First, entrepreneur Marc Gorlin spoke to the graduates of UGA’s Henry W. Grady College of Journalism and Mass Communication. He shared how the communication skills learned in the journalism school helped in creating successful, multi-million-dollar businesses.
Just when I thought a “win at all cost” story was unfolding, he told of putting his company-starting career on hold for several years to care for his grandmother — from age 94 to her death at 100.
My eyes became misty when he recalled his two children taking their great-grandmother trick-or-treating — pushing her wheelchair down the street after they had turned her into the full likeness of Cruella de Vil.
Among the wisdom he shared was the importance of being inquisitive.

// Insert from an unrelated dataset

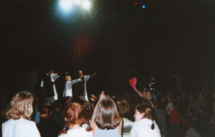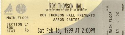 Me and my younger sister Shannon were very excited when it came to Feburary 13. For it was the Aaron Carter concert. It was a birthday gift for my sister from me. When we got to Roy Thomson Hall we saw Aaron Get out of the a van and go into the building. Shannon and I went crazy. Everywhere girls were screaming for Aaron. It was time to in we were 9 rolls back. First a radio D.J. came out and introduced V.I.P. a group opening up for Aaron. Our mom was waiting out in the lounge. She said when V.I.P. was playing she saw Aaron Playing in the snow. We couldn't believe it . He didn't stay out there long. When it was time for Aarom to come on all the girls went crazy. The lights started flashing Aaron's 2 dancers came out in raincoats. Looks like they were looking for Aaron. Then the lights went out and a spot light came on and there was Aaron. Now the screams of fans were so loud my ears started to ring. Aaron did a couple of songs. His dancers came out. Close to the end of the show Aaron's older sister Leslie came out. she was really good. Aaron came out one last time he sang one of his new songs. then he brought out Leslie and their mom Jane Carter out. He said "Thanks so much for comming, I love you all very much". We love him. It was a great concert. We can't wait until Aaron comes back. |

“You don’t have to have all the answers,” he told the young graduates. “Just focus on asking great questions.”
He used humor (and saltier language than usually heard in such settings) — and even threw in a story from mega-church preacher Andy Stanley.
Perhaps most helpful was his clear reminder that success often follows failure. Therefore, he urged, don’t worry about doing everything just right — just be sure you’re doing something.
“Perfect,” he said, “is the enemy of done.”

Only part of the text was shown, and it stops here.